Based on the results from FST, futt, NFST, CUS and the immunohistochemical and morphological and electrophysiological data described above in "development of NMDAR antagonist d-methadone for the treatment of depression and other CNS disorders" indicating that the antidepressant and neuroplasticity effects of dextromethadone are similar to ketamine, dextromethadone and SMO are not only useful for the treatment of psychiatric disorders and symptoms, including various forms of depression, various forms of anxiety, PTSD, addictive behaviors and drug addiction, but may be prevented when administered during periods of anticipated stress or stress prior to development of psychiatric disorders or symptoms. By promoting neuroplasticity and other mechanisms, such as modulation of NMDAR, SERT, NET and BDNF, dextromethorphan and SMO taken during periods of high stress of life (experience of CNS toxicity) or when stressful events are expected, may increase resistance to development of psychiatric diseases and symptoms, and thus dextromethorphan and SMO may help prevent psychiatric diseases and symptoms, including those triggered by mental stress due to a variety of causes, including social stress, sadness, illness, loss including economic loss and loss of relative pain, stress related to marital and family, war, natural disasters, and the like. This is also supported by the results of the Brachman et al ketamine experiments (Brachman RA, McGowan JC, Perusini JN, et al, Ketamine as a functional age Stress-Induced depression-like behavor. biol Psychiatry. 2015; 79(9): 776-.

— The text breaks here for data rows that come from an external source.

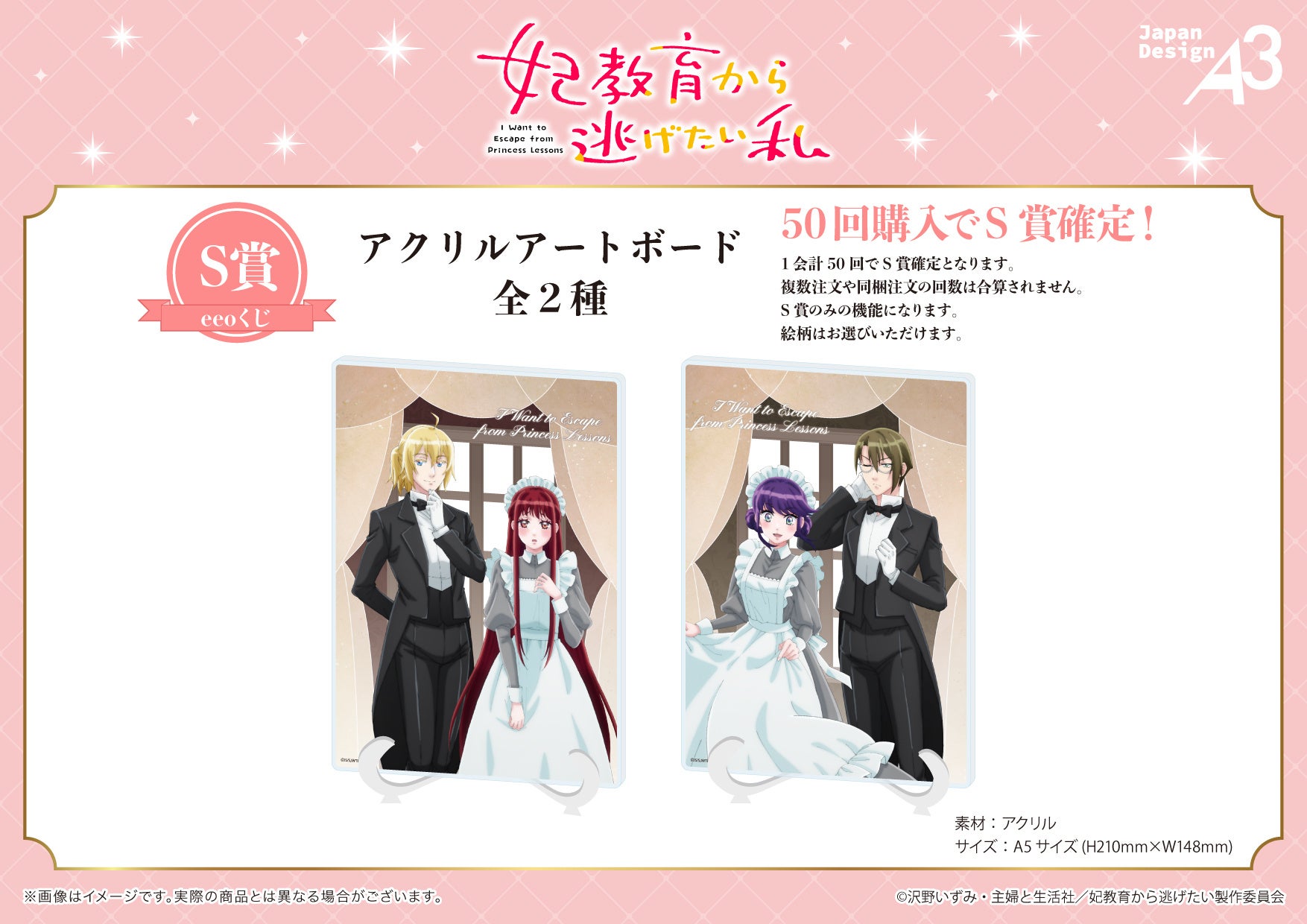 TVアニメ『妃教育から逃げたい私』の「eeoくじ」の中で、一番レアなS賞はA5サイズ(およそ15cm×21cm)のアクリルアートボード!
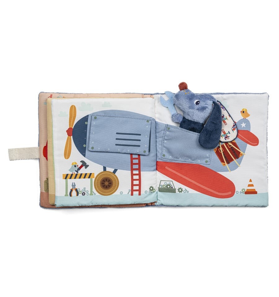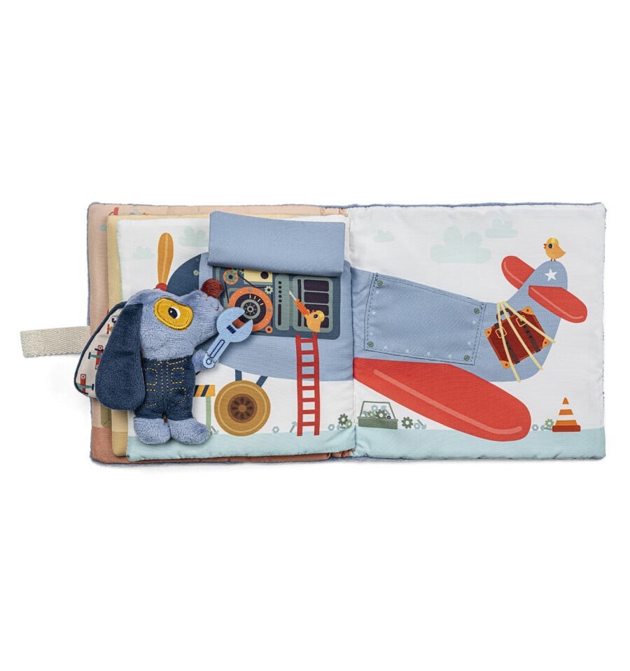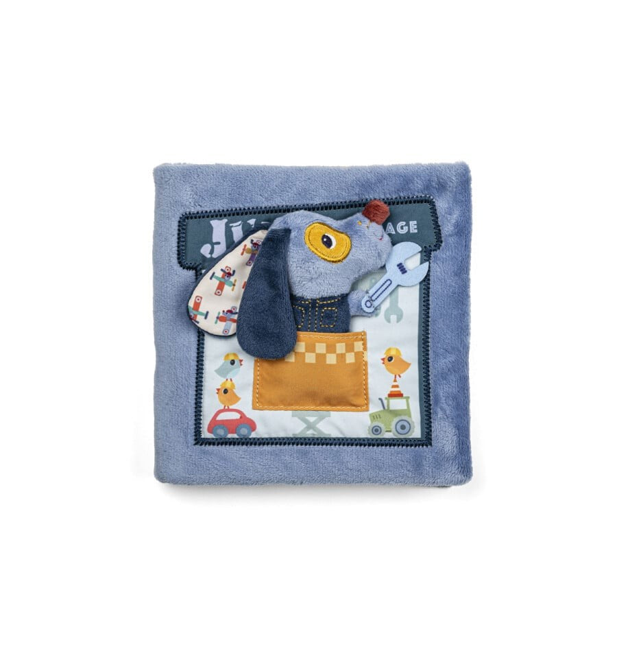 Join Jules, the handyman dog, in his bustling garage where he repairs a variety of vehicles. This fabric activity book is designed for children 12 months and older, offering an interactive experience that stimulates curiosity and learning.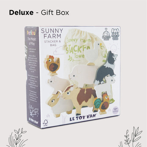 Instructional Video Get ready for endless farmyard fun with this perfect educational gift for young learners. With nine beautifully crafted animal pieces made from durable and eco-friendly FSC®-certified wood, children will have a blast learning and playing with their farmyard favourites; pig, piglet, cow, hen, chicken, sheep, lamb, dog and duck. Each stackable character features a lovely painted design made with water-based, child-safe colours, ensuring that children can play safely and responsibly. And when playtime is over, simply store the pieces in the handy cotton drawstring bag to keep them safe and organised. This animal stacking set is perfect for developing open-ended play and fostering important skills like hand-eye coordination and problem-solving. Bring the magic of the farm to your children's playtime with this animal stacking toy - a timeless treasure that will bring joy for years to come! Suitable for ages: 18 months+ Product is constructed from: FSC®-certified wood (wood from sustainably managed forests) and decorated with child-safe water-based paints.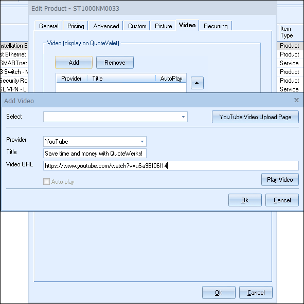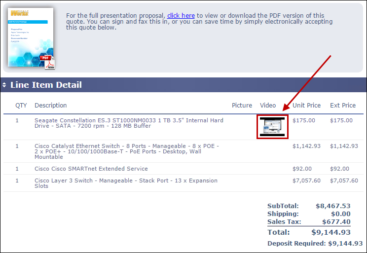 Now, whenever this item is added to a document, the video can be viewed on the QuoteValet page.
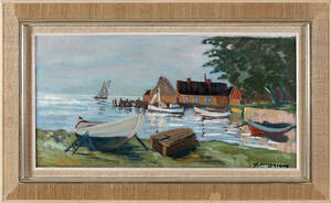 Oljemålning på duk. "Fiskeläge, Öresund". 34x66 cm. Proveniens: Säljes till stöd för Landskrona Direkt.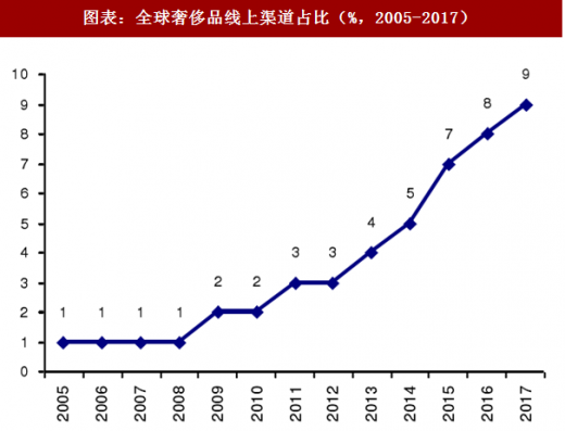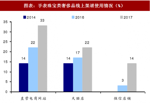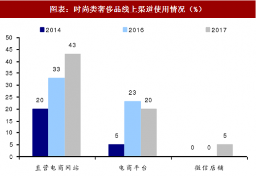 据纽约数字营销机构 l2 对在中国拥有业务的 47 个时尚和奢侈品牌和 42 个与品牌调查统计,2014 年仅 20%的时尚品牌和 14%的珠宝和手表品牌拥有直营电商业务,而 2017 各增至 43%和 33%;同时,奢侈品品牌正尝试通过微信尝试销售小批量的产品,2017 年 5%的时装品牌和 14%的手表&珠宝品牌正在考虑开设微信销售点。
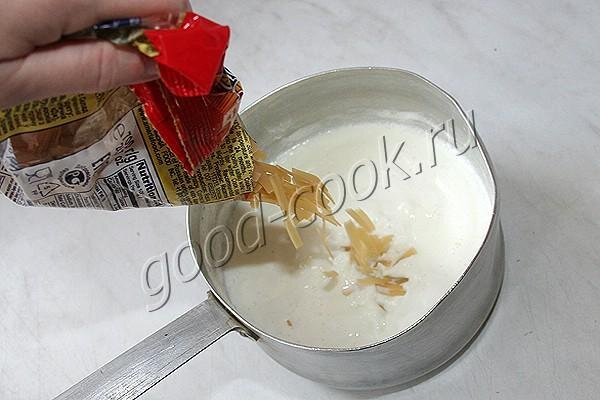 Положить в молоко лапшу или вермишель. Сразу перемешать, чтобы лапшинки не склеились.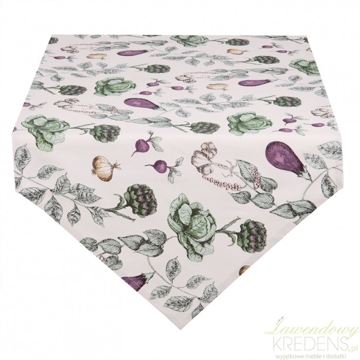Wykorzystaj naturalnie upiększające działanie tekstyliów w stylu prowansalskim i wybierz bieżnik na stół z warzywami.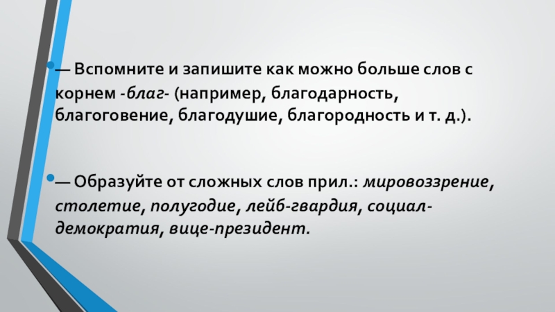 Слайд 5— Вспомните и запишите как можно больше слов с корнем -благ-
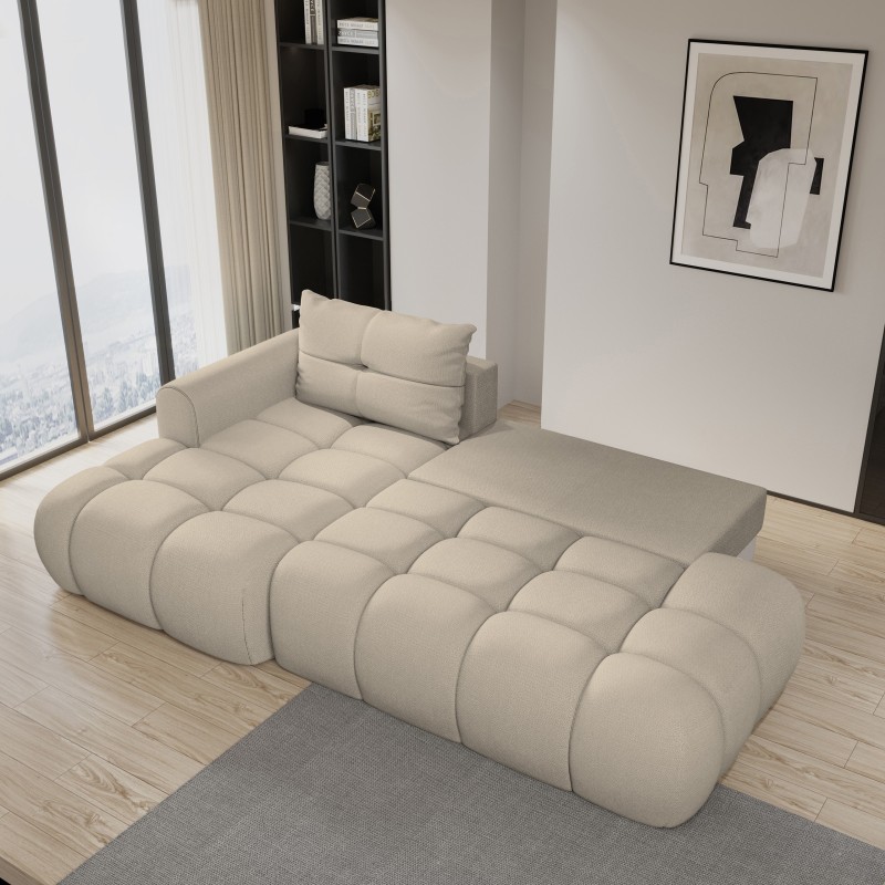 Masseno Narożnik FLUMA z funkcją spania i pojemnikiem na pościel Narozniki L, Rozkładana sofa - Beżowy, SORO 21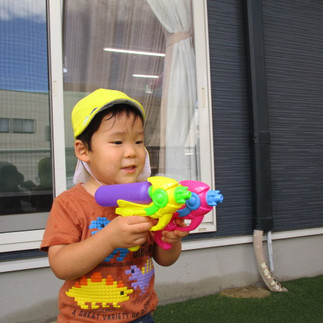 水遊びが始まりました😄園庭に着くとすぐにプールの水を触ろうとしていた子ども達です✨水鉄砲をして遊んだりタライやプールに入ったりして楽しんでいましたよ🎵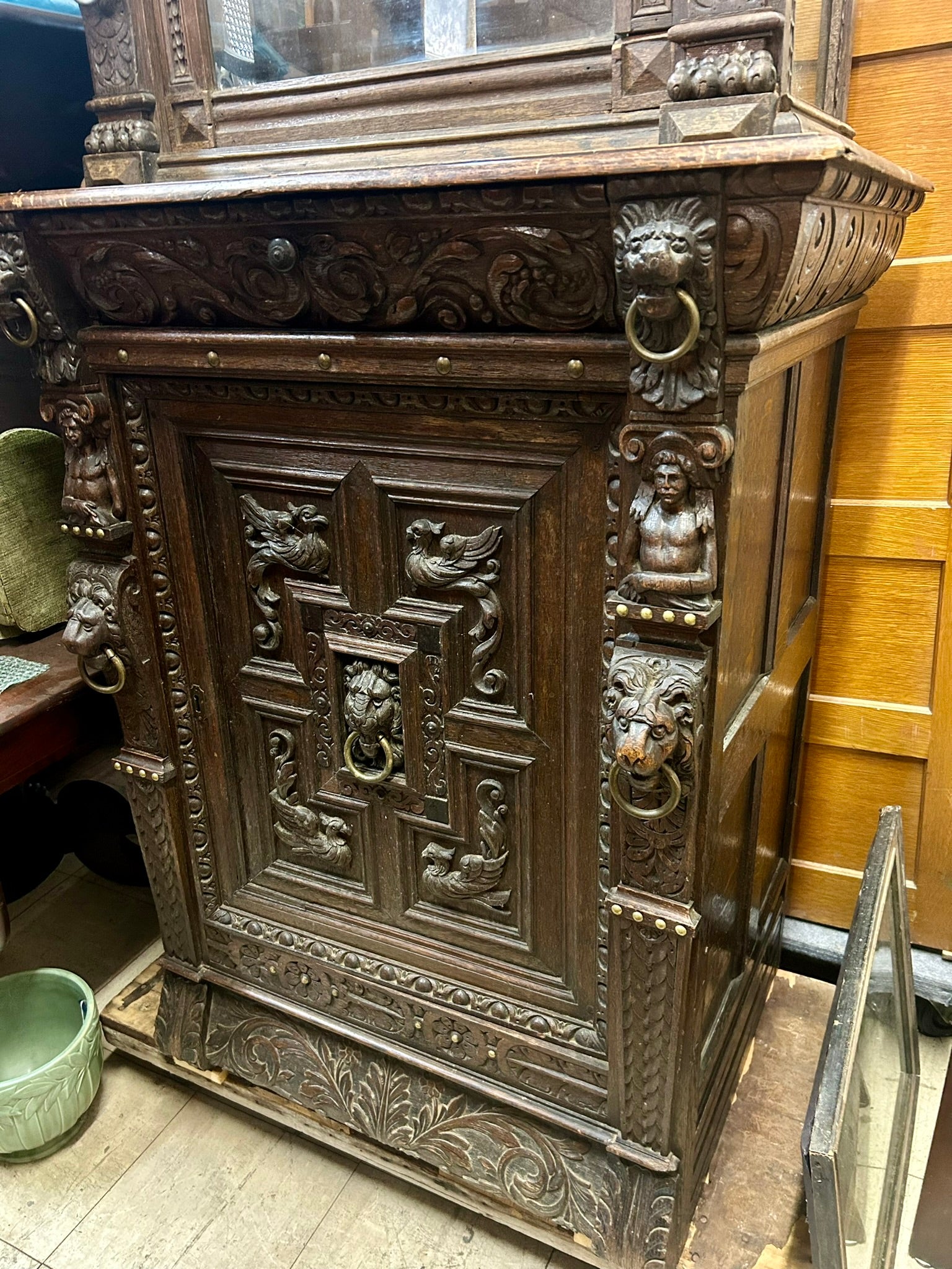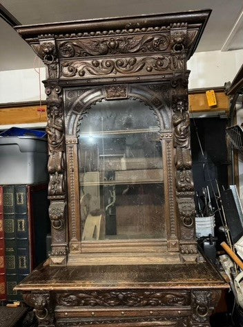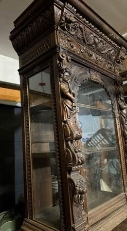 LATE 1800's HEAVILY CARVED GOTHIC DESIGN DARK OAK CABINET 94" TALL X 36" WIDE BY BOTTOM 25" DEEP, TOP AND BOTTOM IN TWO SECTIONS. CALL, TEXT, OR E-MAIL FOR MORE INFORMATION

Some of the disclosed compounds are optimized with the aim of obtaining clinically tolerated NMDAR antagonists which are active in the NO pathway and/or which have the potential for specific therapeutic effects on selected diseases and disorders based on different effects in selected areas of the CNS and additional CNS, because of specific PK parameters (e.g. lipid solubility of fluoro derivatives, such as DMD35, LMA9, dim 6, LPP6, NMeDMD9 and other examples of the above compounds, as well as halogen compounds, such as DAN-DMD38, DMD63, DMD41) or PD parameters (e.g. different effects and affinities for NMDAR, including potentially different effects and affinities for receptor subtypes-e.g. SMO disclosed herein, including those with additional blocking effects and additional neuroprotective effects on NMDAR, such as nitro-derivatives, e.g. nitro-DMD 1, LMA8, dii 8, NMeDMD8, including deuterated fluoro and nitro derivatives, or may produce additional effects on different receptors and transporters, including those that result in changes in neurotransmitters, e.g. serotonin and NE, opioids and DA and GABA pathways, or changes in neurotrophic factors, such as BDNF, or changes in synaptophysin, such as PD95, and thus different effects on the supercomplexes, or effects on GluR1 and NMDAR1 and consequent neuroplasticity effects.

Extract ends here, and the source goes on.